Dominique de Villepin: « L’agriculture, l’un des piliers de l’économie et de l’histoire française » (Terre-net Magazine, 06/12/2010)
Terre-net, propos recueillis par Pierre Boiteau, le 06/12/2010
Ancien Premier ministre, Dominique de Villepin affirme croire en l’avenir de l’agriculture. Pourquoi ? Interview.
Terre-net: Pouvez-vous résumer l’agriculture en quelques mots ?
Dominique de Villepin: L’agriculture est l’échange des hommes et de la terre, un travail au coeur de tous les enjeux actuels de qualité, de sécurité de l’alimentation, de santé publique.
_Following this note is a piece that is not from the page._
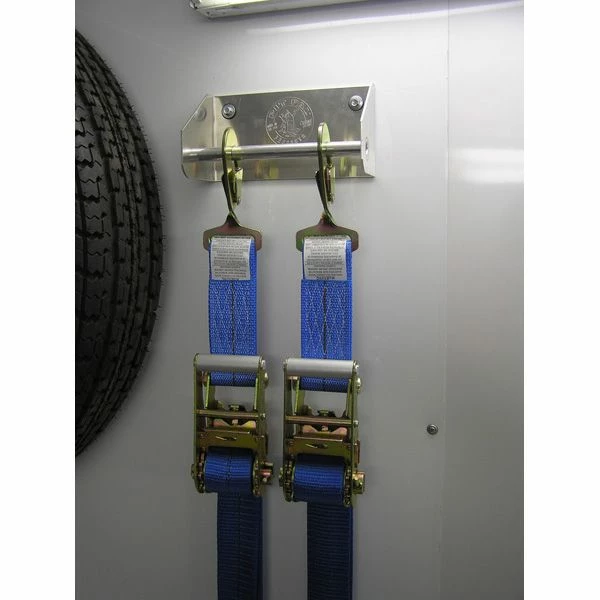 Neatly stores ratchet tie downs on trailer wall while at an event. Creates more floor space. Store 2 ratchet tie downs per unit.

Un travail inscrit dans le long terme, celui de la responsabilité des hommes vis-à-vis de leur terre.
La plus grande valeur de l’agriculture française ?
C’est son enracinement dans une terre en même temps que son ouverture sur l’avenir.
Son plus grand défaut ?
C’est ce qui est en même temps sa plus grande force et sa plus grande originalité, dans un contexte de compétition mondiale : sa diversité. Peu de pays ont des terroirs, des productions, des modes de faire-valoir aussi divers. La réputation de la France d’être le pays aux 365 fromages n’est pas usurpée. Tout l’enjeu aujourd’hui est de faire vivre cette force sur le plan économique dans un monde qui tend à l’uniformisation, à la pasteurisation des goûts, à la banalisation.
Votre meilleur souvenir lié à l’agriculture ?
Une enfance baignée dans le monde rural, entre moissons et vendanges, dès que je rentrais en France pour les vacances d’été.
Vous sentez vous plutôt âme «écolo» ou «agricolo»?
Notre pays souffre aujourd’hui de trop opposer les démarches. Nous voulons tous une agriculture forte (…) et un environnement sain à transmettre aux générations futures. Marier les deux exigences suppose de la vision et surtout du temps.
L’agriculture est régulièrement attaquée, politiquement et médiatiquement. A-t-elle réellement des progrès à faire ? Ou est-elle une cible facile pour les bobos ?
C’est vrai qu’il y a beaucoup d’incompréhension, parce qu’il y a beaucoup de méconnaissance et beaucoup d’a priori injustifiés. Mais, cela montre avant tout l’immense travail d’échange et de dialogue, encore nécessaire au sein de notre pays, pour faire comprendre les enjeux réels de l’agriculture.
L’agriculture pèse-t-elle sur le budget européen ?
Oui, mais il faut relativiser. D’abord son poids relatif baisse : l’agriculture représente désormais moins de la moitié du budget de l’UE. Ensuite, le budget de l’UE est lui-même bien en deçà des ambitions, avec à peine plus d’1 % du Pib européen. Mais surtout, on ne peut pas s’arrêter à ce constat : il faut aussi compter avec ce que l’agriculture rapporte.
Votre discours sur l’agriculture, n’est-ce pas juste pour vous donner une image et gagner des électeurs ?
Il ne s’agit pas de capter des votes mais d’écouter une souffrance. Il y a urgence car le revenu de certains exploitants agricoles a été divisé par deux en deux ans. Si j’accorde tant d’importance à l’agriculture, c’est parce que je crois qu’elle constitue un enjeu économique et humain. Et parce qu’elle fait partie intégrante de ma vision de la France et pour la France. Notre pays ne se relèvera pas de la profonde dépression, dans laquelle il semble tombé, sans un renouveau de son agriculture, qui est l’un des piliers de son économie et de son histoire.
Croyez-vous à l’avenir de l’agriculture ?
J’y crois parce qu’à chaque étape de notre histoire, l’agriculture et les agriculteurs ont été au rendez-vous du changement et de la quête d’une plus grande justice. J’y crois parce que je crois à l’avenir de la France.